La Policía de Los Santos inicia una nueva etapa con Tyler Hayes, de 30 años, como Jefe de Policía y Logan Cooper, de 32, como Jefe Adjunto, dos nombres que hasta hace poco eran mucho más conocidos en oficinas de investigación que en actos protocolares. La dupla llega al mando después de una de las peores crisis internas que atravesó el LSPD en los últimos años y con una promesa, todavía bastante difícil de medir, de no repetir los mismos vicios de la conducción anterior.
Hayes hizo carrera entre investigaciones, Tránsito y Asuntos Internos, donde terminó ganándose una reputación particularmente incómoda para ciertos mandos. Cooper, en cambio, mantiene un historial bastante menos transparente para el público. Su nombre aparece desde hace tiempo vinculado al FIB, y fuentes policiales aseguran que trabajó estrechamente con la agencia durante la investigación que terminó derribando a la antigua cúpula del departamento. Algunos rumores incluso sostienen que Cooper habría ocupado —o todavía ocuparía— algún tipo de cargo dentro del organismo federal. No existe confirmación pública y, como es costumbre cuando las preguntas empiezan a ponerse interesantes, nadie involucrado parece tener demasiadas ganas de contestarlas.
Lo que sí se conoce es que Hayes y Cooper trabajaron juntos durante el caso de corrupción policial que terminó arrastrando a buena parte de los niveles superiores de la fuerza. El anterior Jefe de Policía, el Jefe Asistente, el Jefe Adjunto, el Comandante y otros oficiales jerárquicos fueron separados de sus cargos después de que distintas investigaciones revelaran irregularidades, encubrimientos y redes de protección dentro del propio departamento.
La edad de los nuevos jefes tampoco pasó desapercibida. Entre ambos apenas superan los sesenta años, algo que varios veteranos del LSPD consiguen hacer perfectamente solos. Sus críticos cuestionan que dos oficiales relativamente jóvenes tengan ahora la responsabilidad de reconstruir una fuerza completa; sus defensores responden que después de lo ocurrido quizás veinte años participando de la vieja estructura no sea exactamente la credencial que conviene exhibir.
La nueva conducción no designará, al menos por ahora, a ningún Jefe Asistente, dejando vacante uno de los cargos que históricamente formaba parte de la cúpula superior. La medida fue interpretada dentro del departamento como un intento de reducir el tamaño de la conducción y concentrar responsabilidades, aunque otros ya anticipan que probablemente sea cuestión de tiempo hasta que algún despacho descubra que extraña tener otro despacho por encima.
En una de sus pocas apariciones públicas desde la designación, Hayes y Cooper agradecieron al alcalde Cristian Argento por haber depositado en ambos la responsabilidad de conducir el LSPD. La fotografía de los tres juntos no tardó en generar comentarios, especialmente porque Argento tampoco es precisamente un desconocido para quienes disfrutan siguiendo las páginas políticas de este diario.
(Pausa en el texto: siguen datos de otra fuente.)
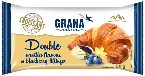 Balené jemné pečivo s vanilkovo-borůvkovou náplní.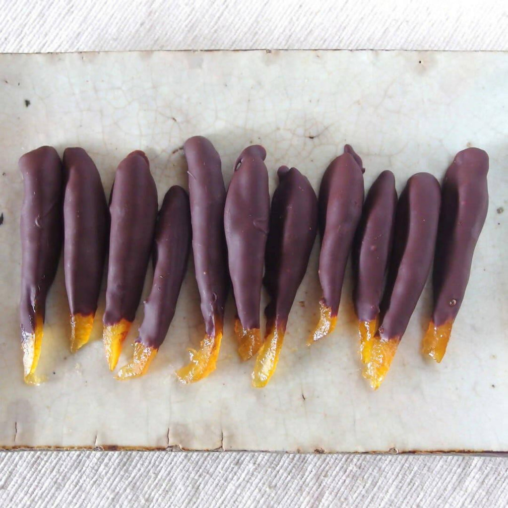 宮崎綾町産自然栽培日向夏の皮をオーガニック粗糖で長時間かけて煮込んで作ったピールに、添加物不使用のオーガニッククーベルビターチョコをテンパリングして1本1本手で丁寧に作った手作りピールチョコです。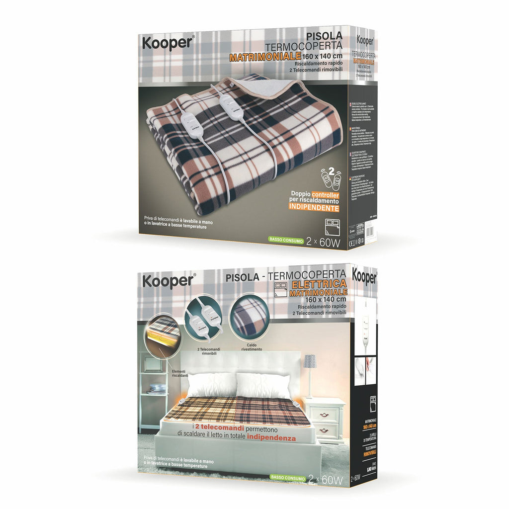 Couverture Thermique Électrique Double en Polaire 120W Kooper Pisolona
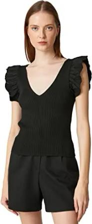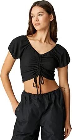 Damen Crop Puff Sleeve Shirred V Neck T-Shirt, Black (999), XL EU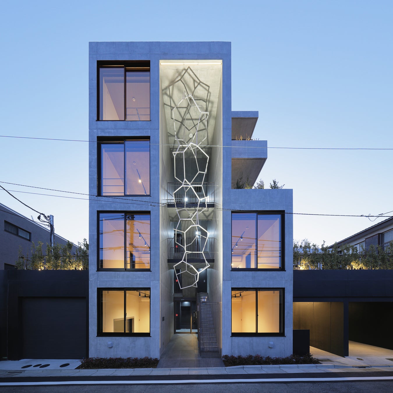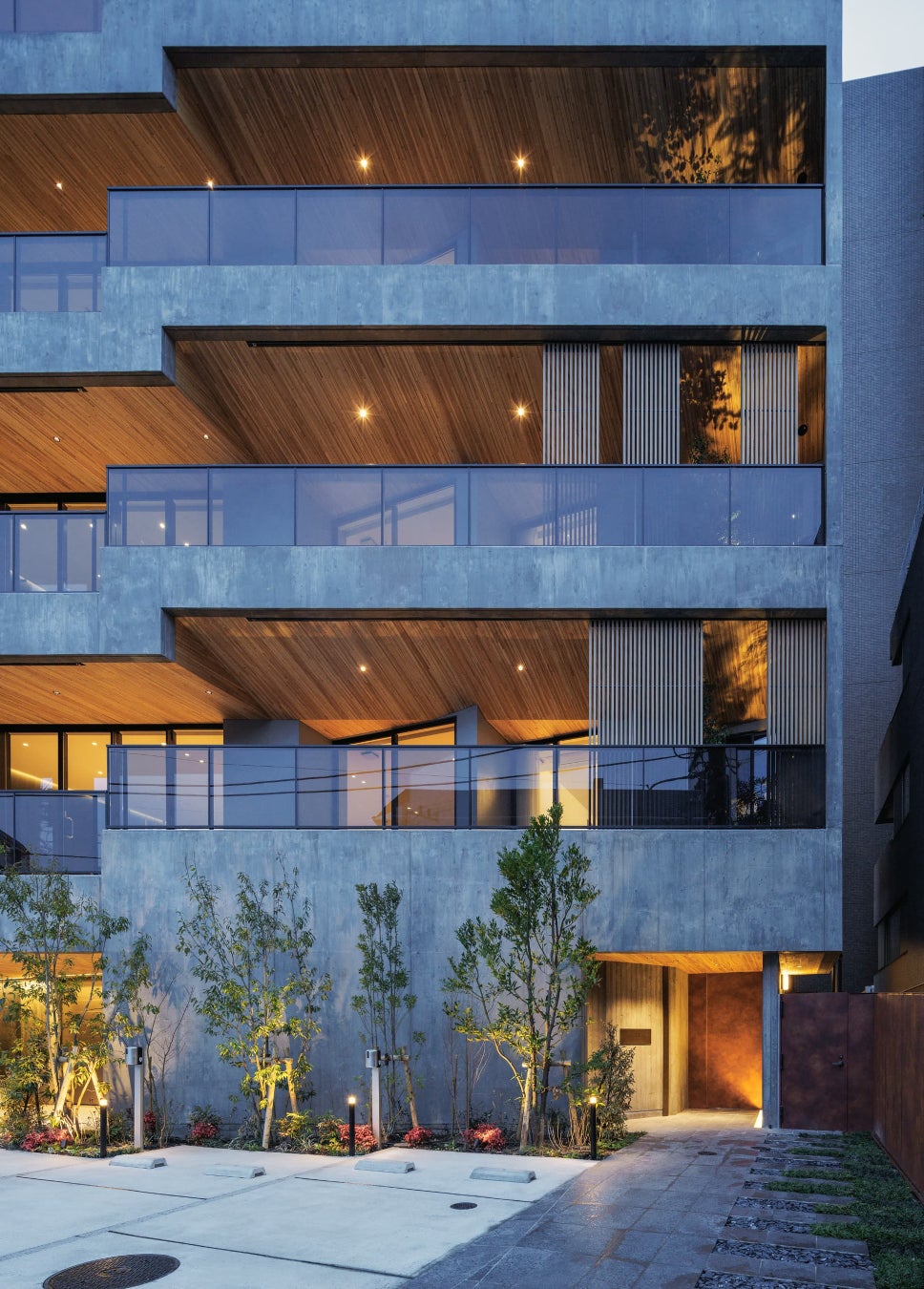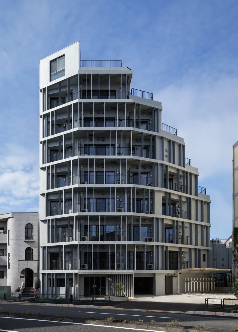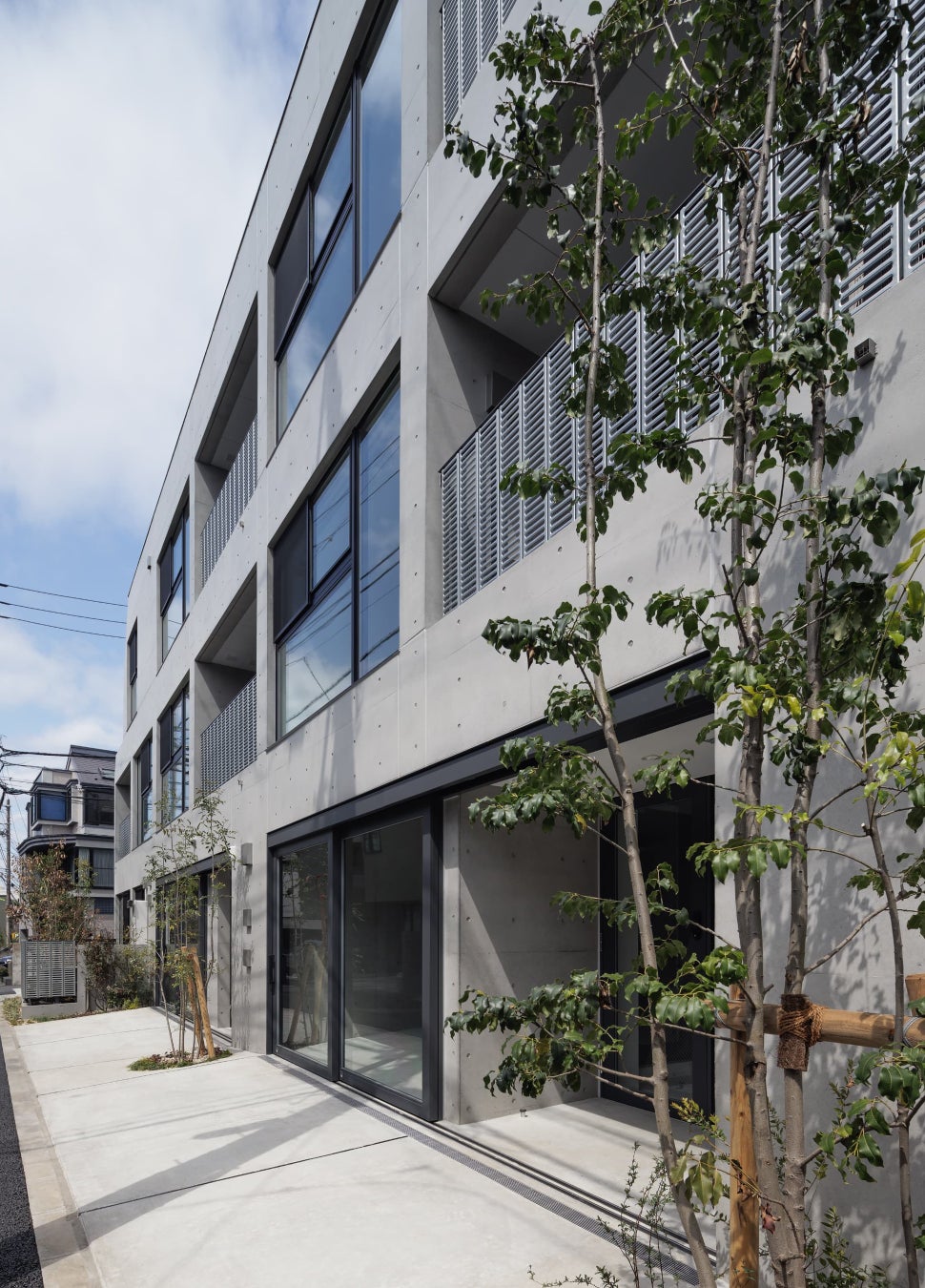 奥沢という地域の持つ穏やかな環境と都市的な利便性を融合させた集合住宅である。敷地は呑川の河岸段丘上に位置し、目黒台への開けた眺望を活かした設計が特徴的である。各住戸には風景を絵画のように切り取るピクチャーウインドウが設けられ、自然とのつながりを感じられる空間が創出されている。住戸は6戸に限定されており、すべて異なるプランが採用されている。多方向に開口部を設けることで、光や風の移ろいを室内に取り込み、漆喰などの自然素材を用いた内装が、居住者に穏やかな心地よさをもたらす。ビルトインガレージやルーフトップテラスなど、屋内外の連続性を意識した構成も魅力の一つである。また、エントランスホールには東京藝大との連携により現代アートが常設展示されており、住民の日常のみならず、周囲の人々にも芸術に触れる機会が提供されている。短期的な効率を追求するのではなく、建築家との協働により長期的な視点で設計された本プロジェクトは、地域の資産価値向上にも寄与する可能性を秘めている。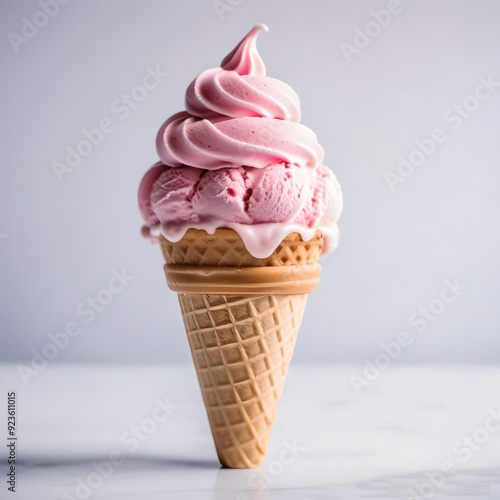 ice cream in a waffle cup on a table on a gray background. Generative ai

Desde la Alcaldía insisten en que la elección respondió exclusivamente a la necesidad de renovar una institución golpeada por la corrupción y recuperar la confianza pública.
La dupla también realizó uno de sus primeros nombramientos importantes: Santiago Varela, de 38 años, fue designado Comandante del LSPD. Su elección responde, según fuentes cercanas a la nueva conducción, a una razón bastante sencilla: Varela pertenece al reducido grupo de oficiales jerárquicos cuya carrera logró atravesar los últimos años sin quedar salpicada por las investigaciones contra la antigua estructura. Cuenta además con una trayectoria extensa en investigaciones criminales y formación universitaria en Derecho, profesión que ejerce como abogado. Su nombramiento parece buscar justamente eso: incorporar experiencia policial y operativa a una conducción que llega con un fuerte perfil investigativo y reformista.
A ese proceso de reorganización se suma, sin embargo, un problema mucho menos elegante y bastante más inmediato. Por dificultades de financiación, el alcalde Argento instó al cese de operaciones del Blaine County Sheriff's Office (BCSO), dejando al LSPD con la responsabilidad de cubrir una extensión territorial mucho mayor de la habitual. En la práctica, Hayes y Cooper deberán reorganizar patrullajes, tiempos de respuesta y distribución de personal para sostener presencia policial tanto en Los Santos como en sectores de Blaine County con una sola fuerza operativa. Para una jefatura que recién está acomodando escritorios, rangos y cadenas de mando, tener que patrullar media isla con la misma cantidad de policías no parece precisamente el mejor regalo de bienvenida.